We want to ensure TPCH correctness in the CI, so it might be more suitable to do it as a mandatory test suite using Cargo test tools rather than an optional step during the benchmarks

Yep i thought the same thing and i moved it out of the benchmarks and aligned with @jayshrivastava 's PR

gabotechs · 2025-08-11T06:54:30Z

src/flight_service/do_get.rs

+        /*println!(
+            "{} Task {:?} executing partition {}",
+            stage.name(),
+            task.partition_group,
+            partition
+        );*/


remove this maybe?

gabotechs · 2025-08-11T07:01:37Z

src/flight_service/do_get.rs

+        let (state, stage) = once_stage
+            .get_or_try_init(|| async {


This will lock the once_stage RefMut across the initialization, locking a shard in the self.stages dashmap across an asynchronous gap, which might be too much locking.

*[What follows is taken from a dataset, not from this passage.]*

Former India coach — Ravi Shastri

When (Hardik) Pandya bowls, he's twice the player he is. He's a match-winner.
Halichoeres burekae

Fortunately, it's very easy to prevent this:

we can make the OnceCell a shared reference:

pub(super) stages: DashMap<StageKey, Arc<OnceCell<(SessionState, Arc<ExecutionStage>)>>>,

and then immediately drop the reference to the dashmap entry

let once_stage = { let entry = self.stages.entry(key).or_default(); Arc::clone(&entry) // <- dashmap RefMut get's dropped, releasing the lock for the current shard };

A good improvement. added.

gabotechs · 2025-08-11T07:04:39Z

src/flight_service/stream_partitioner_registry.rs

This file contained some tests that tested the behavior of sharing a single execution node across multiple callers with a dashmap. It's a shame to delete them, I would have expected them to still be valid here.

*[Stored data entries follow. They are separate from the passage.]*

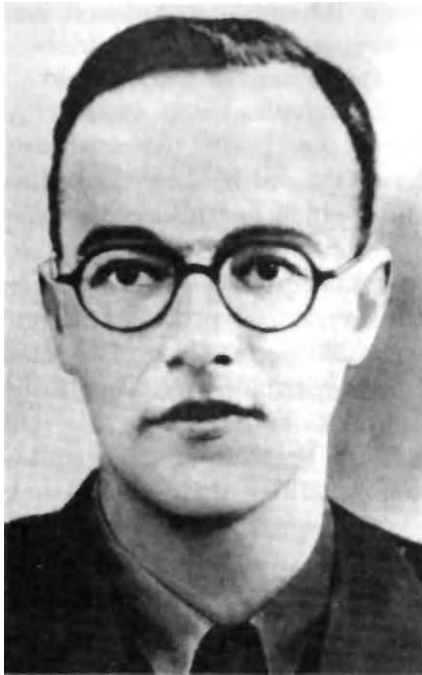
Klaus Fuchs, the German emigre nuclear physicist who betrayed the secrets of the atomic bomb to the Russians.
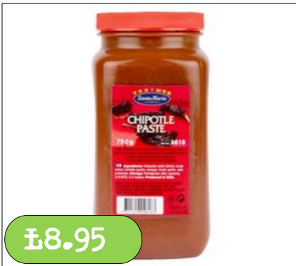
Santa Maria- Chipotle Paste 750g
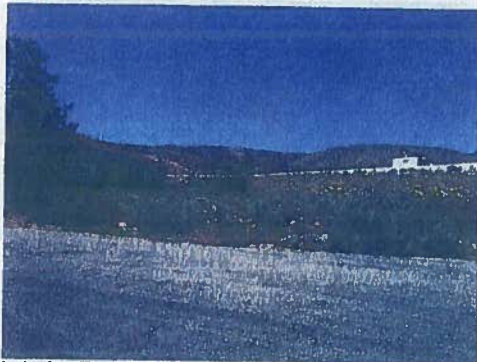
Northerly view from Hospitality Way toward the subject & I-580 with Hampton Inn to the left
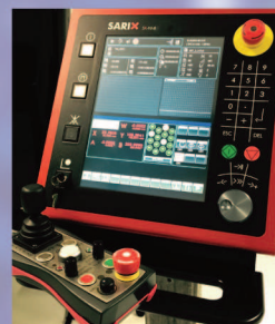
SX-HMI 12" Touchscreen control unit with joystick command handbox

Maintenance control and machine status are displayed on several part windows. Log-file and part program machining log are on direct access by Ethernet or USB port.
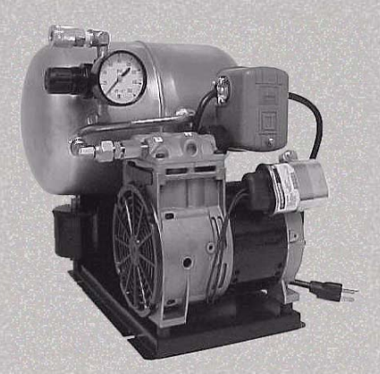
Model 99-2101 Shelf-Mount (for use on 2 or 3 wide BIB top shelf)

If you see no path forward in keeping those tests it's fine, we can build new ones eventually.

I've added it back but i'm not sure of its function or necessity, as its not referenced anywhere.

gabotechs · 2025-08-11T07:07:18Z

src/plan/arrow_flight_read.rs

-                ))?;
-                stream_from_stage_task(ticket.clone(), &url, schema.clone(), &channel_manager).await
+            let futs = child_stage_tasks.iter().enumerate().map(|(i, task)| {
+                let i_capture = i;


🤔 i_capture? It should not be necessary to capture any variables that implement the Copy trait right?

Good eye and yes, not needed!

gabotechs · 2025-08-11T07:12:00Z

tests/distributed_aggregation.rs

-        assert_snapshot!(physical_distributed_str,
+        /*assert_snapshot!(physical_distributed_str,


does this need to be commented? I think it should be fine to leave this uncommented, it should work.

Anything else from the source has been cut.